YOUR GOAL —
Retype the data exactly, from its first line to the line containing "We started this", including both, and skip any picture.
-- COLLECTED MATERIAL follows --
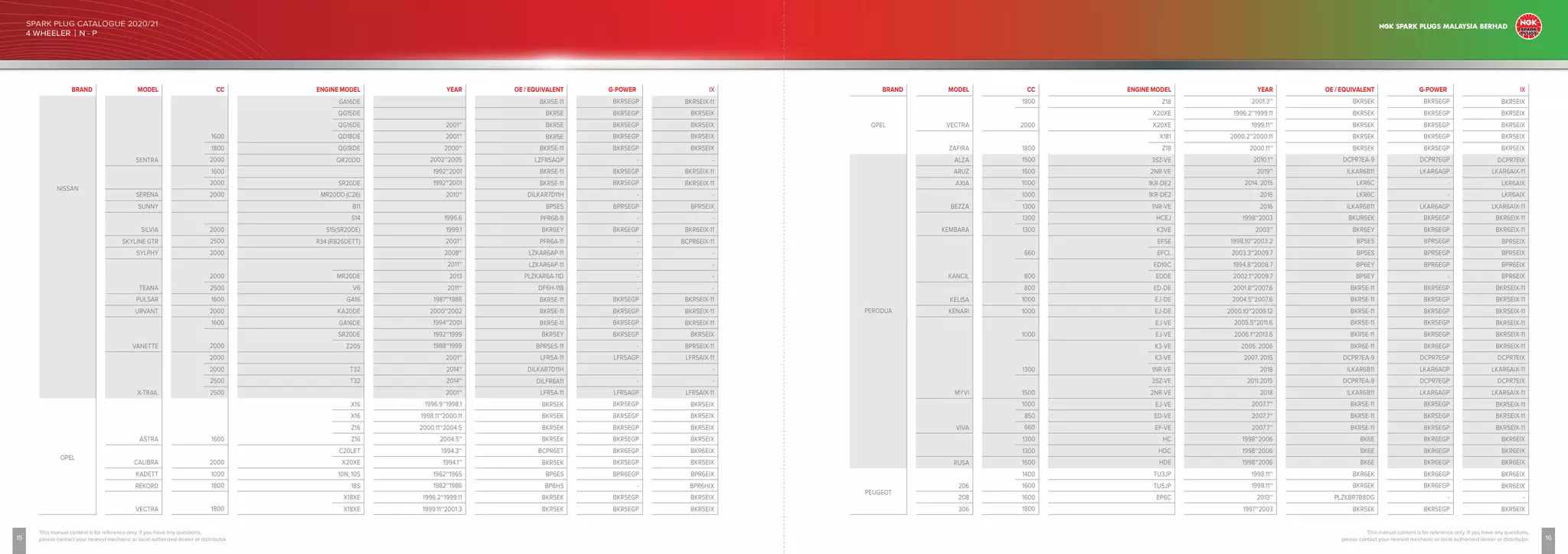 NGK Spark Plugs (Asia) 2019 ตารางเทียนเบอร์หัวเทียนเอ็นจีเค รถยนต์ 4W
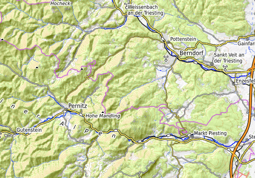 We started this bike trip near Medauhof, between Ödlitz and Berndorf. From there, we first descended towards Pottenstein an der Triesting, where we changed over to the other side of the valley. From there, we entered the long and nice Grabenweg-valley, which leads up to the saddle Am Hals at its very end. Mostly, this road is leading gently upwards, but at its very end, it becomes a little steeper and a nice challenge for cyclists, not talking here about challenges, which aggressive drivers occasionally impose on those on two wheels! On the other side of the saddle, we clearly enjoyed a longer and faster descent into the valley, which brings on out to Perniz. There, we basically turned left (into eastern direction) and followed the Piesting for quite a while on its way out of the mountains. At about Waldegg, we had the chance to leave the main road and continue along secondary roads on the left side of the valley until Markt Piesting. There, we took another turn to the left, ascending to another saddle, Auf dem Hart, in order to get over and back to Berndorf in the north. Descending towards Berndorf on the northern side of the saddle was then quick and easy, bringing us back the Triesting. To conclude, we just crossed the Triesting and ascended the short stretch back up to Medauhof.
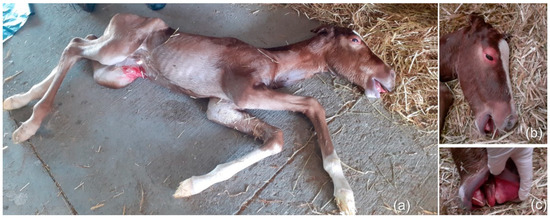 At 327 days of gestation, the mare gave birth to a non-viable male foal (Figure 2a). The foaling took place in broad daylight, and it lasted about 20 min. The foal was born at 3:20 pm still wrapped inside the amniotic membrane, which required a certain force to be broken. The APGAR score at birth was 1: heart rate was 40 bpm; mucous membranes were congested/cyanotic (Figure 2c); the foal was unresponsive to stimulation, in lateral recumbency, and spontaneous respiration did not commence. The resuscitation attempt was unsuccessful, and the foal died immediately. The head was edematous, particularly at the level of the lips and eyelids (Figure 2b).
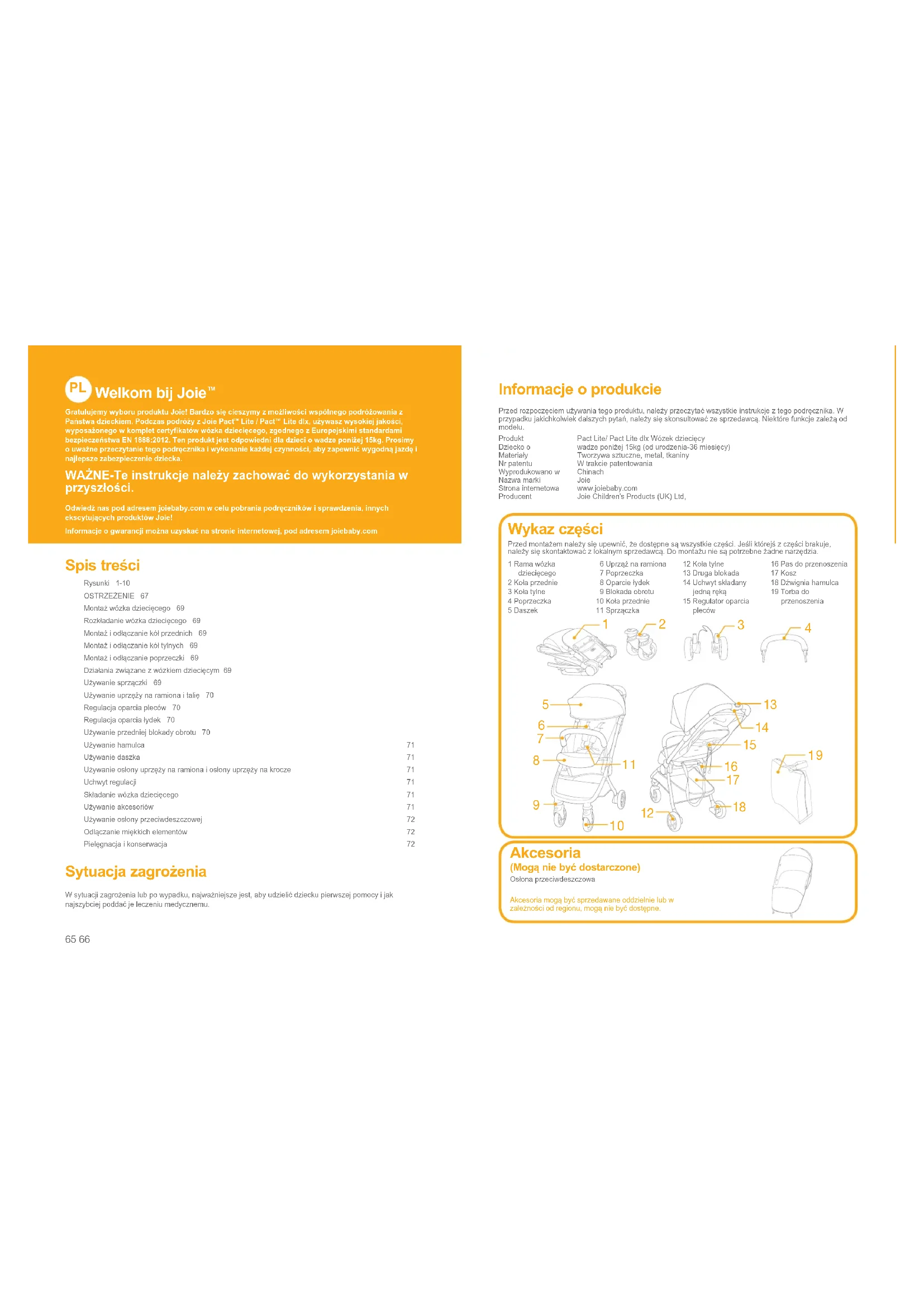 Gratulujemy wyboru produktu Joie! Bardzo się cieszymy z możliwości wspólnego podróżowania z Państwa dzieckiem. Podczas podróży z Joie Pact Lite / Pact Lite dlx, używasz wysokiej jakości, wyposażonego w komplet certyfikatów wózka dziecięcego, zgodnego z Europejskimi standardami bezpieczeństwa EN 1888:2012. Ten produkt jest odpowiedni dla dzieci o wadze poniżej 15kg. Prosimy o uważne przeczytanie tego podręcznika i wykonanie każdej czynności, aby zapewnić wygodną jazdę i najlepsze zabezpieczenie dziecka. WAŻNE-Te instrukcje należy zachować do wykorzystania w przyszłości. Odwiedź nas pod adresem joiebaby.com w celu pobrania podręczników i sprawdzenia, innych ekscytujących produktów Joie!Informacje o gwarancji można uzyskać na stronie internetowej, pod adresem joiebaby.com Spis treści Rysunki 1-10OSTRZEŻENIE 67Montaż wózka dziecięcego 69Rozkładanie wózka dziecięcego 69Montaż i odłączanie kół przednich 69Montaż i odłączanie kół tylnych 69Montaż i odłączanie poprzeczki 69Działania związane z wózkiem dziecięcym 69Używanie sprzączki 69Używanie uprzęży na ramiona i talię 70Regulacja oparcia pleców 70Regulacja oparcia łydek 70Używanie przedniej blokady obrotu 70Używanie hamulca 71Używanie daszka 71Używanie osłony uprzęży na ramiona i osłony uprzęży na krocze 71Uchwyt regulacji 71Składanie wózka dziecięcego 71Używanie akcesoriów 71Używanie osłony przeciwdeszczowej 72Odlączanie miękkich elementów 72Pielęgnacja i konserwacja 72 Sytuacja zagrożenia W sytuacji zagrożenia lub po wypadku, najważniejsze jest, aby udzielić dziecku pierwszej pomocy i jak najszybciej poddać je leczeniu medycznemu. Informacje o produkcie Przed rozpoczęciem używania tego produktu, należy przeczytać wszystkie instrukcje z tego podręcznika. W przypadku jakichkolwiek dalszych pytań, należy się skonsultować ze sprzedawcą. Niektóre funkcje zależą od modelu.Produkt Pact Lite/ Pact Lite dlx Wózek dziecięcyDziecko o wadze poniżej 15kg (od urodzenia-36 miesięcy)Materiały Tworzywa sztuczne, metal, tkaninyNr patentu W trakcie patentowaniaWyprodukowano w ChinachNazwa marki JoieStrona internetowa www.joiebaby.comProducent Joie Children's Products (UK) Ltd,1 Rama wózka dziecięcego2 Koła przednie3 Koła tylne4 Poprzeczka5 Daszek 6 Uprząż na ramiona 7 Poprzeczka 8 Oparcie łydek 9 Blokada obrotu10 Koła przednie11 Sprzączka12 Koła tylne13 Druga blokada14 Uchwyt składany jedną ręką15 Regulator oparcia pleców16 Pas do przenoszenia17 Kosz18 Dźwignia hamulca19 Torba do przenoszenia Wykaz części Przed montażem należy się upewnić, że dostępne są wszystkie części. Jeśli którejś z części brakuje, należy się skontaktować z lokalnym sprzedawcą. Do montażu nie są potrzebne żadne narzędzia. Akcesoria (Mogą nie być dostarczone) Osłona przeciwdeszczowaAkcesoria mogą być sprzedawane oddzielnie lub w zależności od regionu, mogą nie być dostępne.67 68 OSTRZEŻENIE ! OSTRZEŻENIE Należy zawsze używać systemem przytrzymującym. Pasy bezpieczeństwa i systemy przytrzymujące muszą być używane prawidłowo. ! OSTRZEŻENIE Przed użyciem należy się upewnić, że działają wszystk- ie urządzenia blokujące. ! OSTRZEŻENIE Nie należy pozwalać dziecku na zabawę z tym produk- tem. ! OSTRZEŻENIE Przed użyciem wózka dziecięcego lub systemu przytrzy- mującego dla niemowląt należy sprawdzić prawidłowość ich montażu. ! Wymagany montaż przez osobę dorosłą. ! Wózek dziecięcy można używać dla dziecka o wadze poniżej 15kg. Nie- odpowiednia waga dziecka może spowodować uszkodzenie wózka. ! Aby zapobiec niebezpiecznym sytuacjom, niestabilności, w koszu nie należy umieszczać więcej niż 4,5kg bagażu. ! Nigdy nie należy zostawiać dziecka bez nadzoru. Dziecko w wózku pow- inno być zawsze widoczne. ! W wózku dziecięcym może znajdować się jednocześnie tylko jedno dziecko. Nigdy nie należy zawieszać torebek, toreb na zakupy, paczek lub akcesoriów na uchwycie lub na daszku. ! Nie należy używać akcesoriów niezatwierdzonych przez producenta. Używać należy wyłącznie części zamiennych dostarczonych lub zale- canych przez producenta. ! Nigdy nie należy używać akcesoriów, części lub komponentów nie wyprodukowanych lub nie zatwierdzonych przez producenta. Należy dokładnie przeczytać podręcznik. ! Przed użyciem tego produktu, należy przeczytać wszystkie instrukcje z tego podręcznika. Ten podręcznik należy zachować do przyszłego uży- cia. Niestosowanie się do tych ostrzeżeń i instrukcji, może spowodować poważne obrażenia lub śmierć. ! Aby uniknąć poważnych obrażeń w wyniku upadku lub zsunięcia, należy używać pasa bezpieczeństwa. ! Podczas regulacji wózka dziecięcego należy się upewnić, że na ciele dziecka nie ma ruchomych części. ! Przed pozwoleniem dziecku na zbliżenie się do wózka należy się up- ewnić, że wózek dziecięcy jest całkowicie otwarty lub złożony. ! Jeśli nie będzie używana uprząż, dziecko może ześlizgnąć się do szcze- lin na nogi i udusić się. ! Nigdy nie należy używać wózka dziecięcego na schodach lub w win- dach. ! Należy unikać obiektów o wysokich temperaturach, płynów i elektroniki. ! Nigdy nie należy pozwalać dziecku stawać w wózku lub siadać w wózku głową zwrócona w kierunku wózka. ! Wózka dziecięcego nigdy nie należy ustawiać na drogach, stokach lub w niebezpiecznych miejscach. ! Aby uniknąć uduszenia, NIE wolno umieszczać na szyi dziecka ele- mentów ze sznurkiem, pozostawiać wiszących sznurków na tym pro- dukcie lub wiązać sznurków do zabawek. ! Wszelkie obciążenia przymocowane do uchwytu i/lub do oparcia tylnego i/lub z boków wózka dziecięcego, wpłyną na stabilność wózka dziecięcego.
-- COLLECTED MATERIAL concluded --
SOLUTION TO THIS PROBLEM —
 NGK Spark Plugs (Asia) 2019 ตารางเทียนเบอร์หัวเทียนเอ็นจีเค รถยนต์ 4W
 We started this bike trip near Medauhof, between Ödlitz and Berndorf. From there, we first descended towards Pottenstein an der Triesting, where we changed over to the other side of the valley. From there, we entered the long and nice Grabenweg-valley, which leads up to the saddle Am Hals at its very end. Mostly, this road is leading gently upwards, but at its very end, it becomes a little steeper and a nice challenge for cyclists, not talking here about challenges, which aggressive drivers occasionally impose on those on two wheels! On the other side of the saddle, we clearly enjoyed a longer and faster descent into the valley, which brings on out to Perniz. There, we basically turned left (into eastern direction) and followed the Piesting for quite a while on its way out of the mountains. At about Waldegg, we had the chance to leave the main road and continue along secondary roads on the left side of the valley until Markt Piesting. There, we took another turn to the left, ascending to another saddle, Auf dem Hart, in order to get over and back to Berndorf in the north. Descending towards Berndorf on the northern side of the saddle was then quick and easy, bringing us back the Triesting. To conclude, we just crossed the Triesting and ascended the short stretch back up to Medauhof.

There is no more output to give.